*Supplied records:*
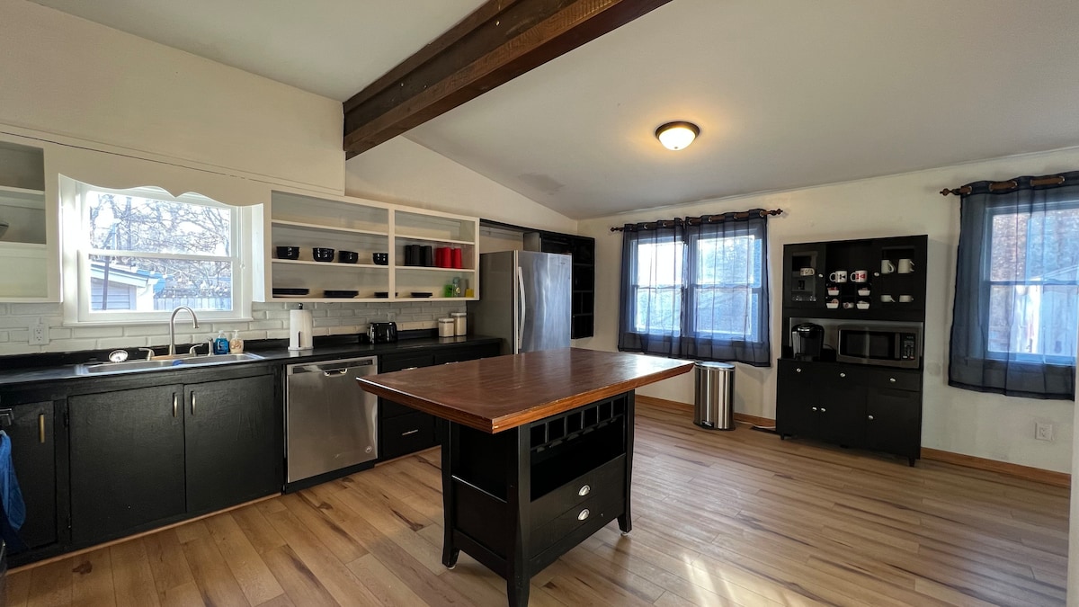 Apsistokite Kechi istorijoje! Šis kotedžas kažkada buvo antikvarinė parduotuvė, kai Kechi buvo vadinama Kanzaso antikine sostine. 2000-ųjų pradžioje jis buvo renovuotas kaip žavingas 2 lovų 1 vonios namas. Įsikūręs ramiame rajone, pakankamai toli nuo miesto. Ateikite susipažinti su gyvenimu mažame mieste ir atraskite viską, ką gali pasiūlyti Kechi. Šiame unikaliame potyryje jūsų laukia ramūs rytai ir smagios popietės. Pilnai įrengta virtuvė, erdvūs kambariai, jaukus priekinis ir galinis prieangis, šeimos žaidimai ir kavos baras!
---
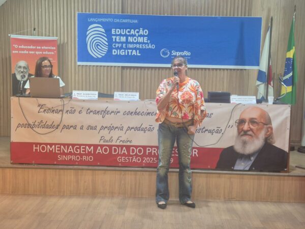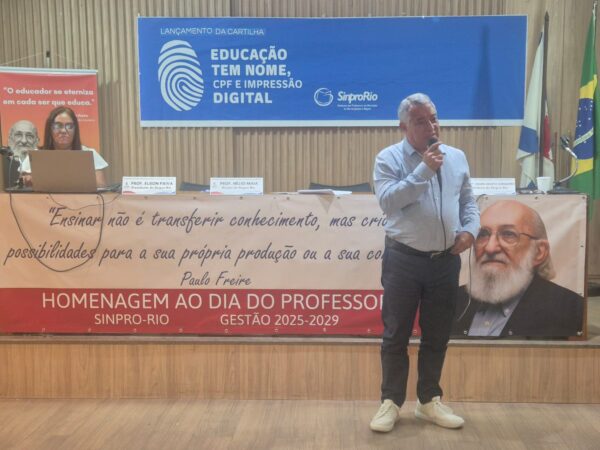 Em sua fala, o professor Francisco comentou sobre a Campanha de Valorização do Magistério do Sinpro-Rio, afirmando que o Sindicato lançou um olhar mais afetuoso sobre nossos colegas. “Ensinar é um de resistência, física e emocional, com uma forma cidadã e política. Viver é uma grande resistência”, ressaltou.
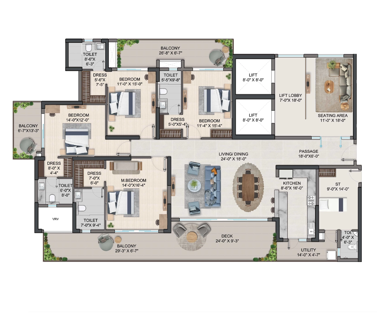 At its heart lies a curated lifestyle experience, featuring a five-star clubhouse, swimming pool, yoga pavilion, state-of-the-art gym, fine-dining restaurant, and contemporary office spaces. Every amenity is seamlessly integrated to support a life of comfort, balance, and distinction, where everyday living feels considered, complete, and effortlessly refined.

*Try it:*
Write out, word for word, the stretch of entries that begins at the line with "Em sua fala, o" and ends at the line with "At its heart". Pictures do not belong in it.

*Response to this task:*
 Em sua fala, o professor Francisco comentou sobre a Campanha de Valorização do Magistério do Sinpro-Rio, afirmando que o Sindicato lançou um olhar mais afetuoso sobre nossos colegas. “Ensinar é um de resistência, física e emocional, com uma forma cidadã e política. Viver é uma grande resistência”, ressaltou.
 At its heart lies a curated lifestyle experience, featuring a five-star clubhouse, swimming pool, yoga pavilion, state-of-the-art gym, fine-dining restaurant, and contemporary office spaces. Every amenity is seamlessly integrated to support a life of comfort, balance, and distinction, where everyday living feels considered, complete, and effortlessly refined.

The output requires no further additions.